> [Brief]: Leave the pictures out. Retype exactly the lines below from the one containing "В год 80-летия" through the one containing "Кастрюля эмалированная с", and no others.

(Data extracted from a collection)
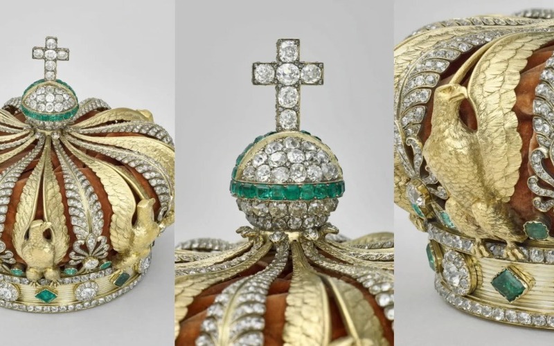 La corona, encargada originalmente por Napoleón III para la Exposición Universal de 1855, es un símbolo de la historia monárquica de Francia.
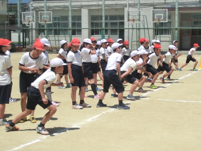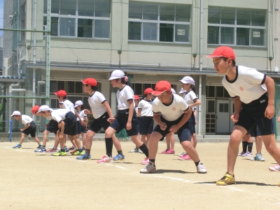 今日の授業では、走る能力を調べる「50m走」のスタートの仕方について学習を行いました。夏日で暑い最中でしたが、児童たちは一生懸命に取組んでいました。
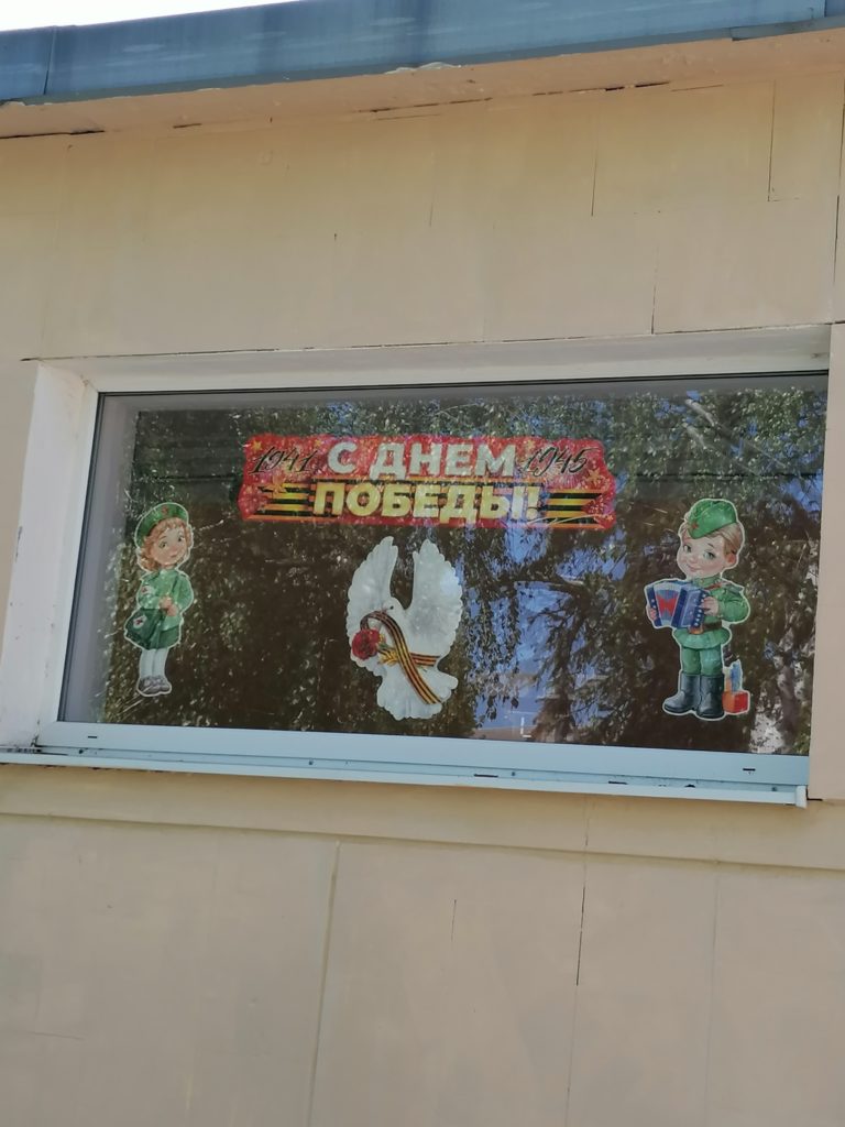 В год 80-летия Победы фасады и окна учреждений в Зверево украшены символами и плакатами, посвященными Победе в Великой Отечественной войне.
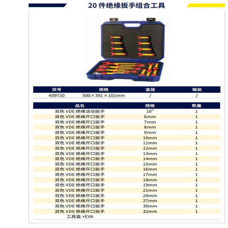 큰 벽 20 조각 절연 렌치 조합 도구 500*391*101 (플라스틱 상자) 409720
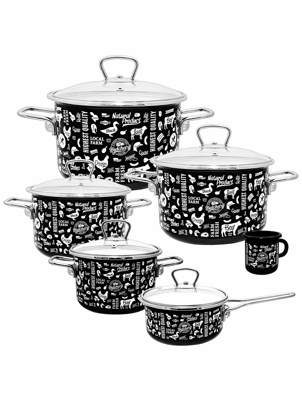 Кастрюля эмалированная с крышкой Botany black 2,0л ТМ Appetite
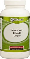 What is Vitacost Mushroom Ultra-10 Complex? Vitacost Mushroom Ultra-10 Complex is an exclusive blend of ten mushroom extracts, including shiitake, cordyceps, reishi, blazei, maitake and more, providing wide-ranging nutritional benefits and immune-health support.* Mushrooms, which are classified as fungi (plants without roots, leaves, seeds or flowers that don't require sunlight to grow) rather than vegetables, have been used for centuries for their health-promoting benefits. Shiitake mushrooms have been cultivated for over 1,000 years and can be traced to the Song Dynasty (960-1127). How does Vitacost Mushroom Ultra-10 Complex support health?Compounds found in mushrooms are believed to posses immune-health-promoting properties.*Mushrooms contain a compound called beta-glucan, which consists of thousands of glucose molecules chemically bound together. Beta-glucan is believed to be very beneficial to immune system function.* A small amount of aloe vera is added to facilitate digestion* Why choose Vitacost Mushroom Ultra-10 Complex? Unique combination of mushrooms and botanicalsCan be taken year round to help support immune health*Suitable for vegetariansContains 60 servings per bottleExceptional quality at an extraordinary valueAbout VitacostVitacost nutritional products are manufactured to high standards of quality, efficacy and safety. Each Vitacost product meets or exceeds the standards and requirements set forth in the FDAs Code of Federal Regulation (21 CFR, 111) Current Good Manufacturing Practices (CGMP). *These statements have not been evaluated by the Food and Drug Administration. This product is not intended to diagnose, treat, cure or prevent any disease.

> [Solved problem]:
 В год 80-летия Победы фасады и окна учреждений в Зверево украшены символами и плакатами, посвященными Победе в Великой Отечественной войне.
 큰 벽 20 조각 절연 렌치 조합 도구 500*391*101 (플라스틱 상자) 409720
 Кастрюля эмалированная с крышкой Botany black 2,0л ТМ Appetite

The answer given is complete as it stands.